- Beamter des Auswärtigen Amts seit 2022 zu Capgemini SE beurlaubt
- Früherer IT-Transformationsbeauftragter mit strategischem Insiderwissen betroffen
- 10 Fragen zu Vergabe, Auftragsvolumen und Compliance-Maßnahmen gestellt
Hintergrund iDieser Beitrag bezieht sich auf BT-Drs. 21/6824 und gibt den Inhalt der Drucksache zusammenfassend wieder. Die inhaltliche Verantwortung liegt beim jeweiligen Verfasser der Drucksache. Der Beitrag spiegelt nicht notwendigerweise die Meinung des Seitenbetreibers wider.
Bereits mit BT-Drs. 21/5092 hatte die AfD-Fraktion die Bundesregierung zu Beurlaubungen von Beamten des Auswärtigen Amts in privatwirtschaftliche Unternehmen befragt. In der damaligen Antwort tauchte der Eintrag ‚2022 Capgemini SE Laufend‘ auf. Capgemini SE ist einer der größten IT-Dienstleister Europas und führt auch öffentliche Aufträge in Deutschland durch. Der Wechsel hochrangiger Beamter mit Insiderwissen in Unternehmen, die gleichzeitig als Auftragnehmer der Behörden auftreten, wird in der politischen Debatte als sogenannter ‚Drehtür-Effekt‘ diskutiert und ist in mehreren europäischen Ländern reguliert.
Im Detail
Ein ehemaliger Beauftragter für die digitale Transformation dürfte über tiefgehende Kenntnisse interner IT-Strukturen, laufender Beschaffungsprojekte sowie des Netzwerks von Entscheidungsträgern im Auswärtigen Amt verfügen, die einem privatwirtschaftlichen Auftraggeber im Wettbewerb um öffentliche Aufträge einen erheblichen Vorteil verschaffen könnten.

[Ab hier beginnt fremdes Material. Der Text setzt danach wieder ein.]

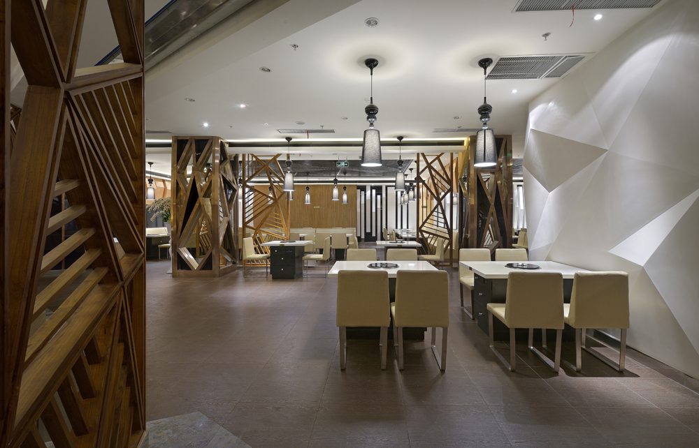 本案例是一个很有特色的中式餐厅,到底特色在哪里呢? 设计师将整个店面设

— Begründung BT-Drs. 21/6824, AfD-Fraktion
Ein beurlaubter Beamter des Auswärtigen Amts, der zuvor als Beauftragter für die digitale Transformation tätig war, steht im Mittelpunkt einer parlamentarischen Anfrage zur Vergabepraxis und zu möglichen Interessenkonflikten. Die AfD-Fraktion stellt mit BT-Drs. 21/6824 vom 2. Juli 2026 zehn konkrete Fragen zur Beurlaubungspraxis des Auswärtigen Amts gegenüber dem IT-Konzern Capgemini SE.
Beamten-Beurlaubung mit strategischem Hintergrund iDieser Beitrag bezieht sich auf BT-Drs. 21/6824 und gibt den Inhalt der Drucksache zusammenfassend wieder. Die inhaltliche Verantwortung liegt beim jeweiligen Verfasser der Drucksache. Der Beitrag spiegelt nicht notwendigerweise die Meinung des Seitenbetreibers wider.
Ausgangspunkt ist ein Eintrag in der Antwort der Bundesregierung auf eine frühere Kleine Anfrage (BT-Drs. 21/5092): Demnach ist ein Beamter des Auswärtigen Amts seit 2022 zur Capgemini SE beurlaubt — und diese Beurlaubung läuft nach aktuellem Stand weiter. Nach öffentlich zugänglichen Quellen, auf die sich die Fragesteller beziehen, handelt es sich dabei nach ihrer Einschätzung mit hoher Wahrscheinlichkeit um Hinrich Thölken, der von 2018 bis 2022 als Beauftragter für die digitale Transformation im Auswärtigen Amt tätig war und seitdem bei Capgemini SE als „Vice President Global Public Sector“ fungiert.
Die Fragesteller sehen darin ein strukturelles Problem: Ein ehemaliger IT-Transformationsbeauftragter verfüge über detailliertes Wissen über interne IT-Architekturen, laufende Beschaffungsvorhaben und das Netzwerk von Entscheidungsträgern im Ministerium. Dieses Wissen könne dem privaten Arbeitgeber Wettbewerbsvorteile gegenüber anderen IT-Unternehmen verschaffen, die ebenfalls um öffentliche Aufträge des Auswärtigen Amts konkurrieren.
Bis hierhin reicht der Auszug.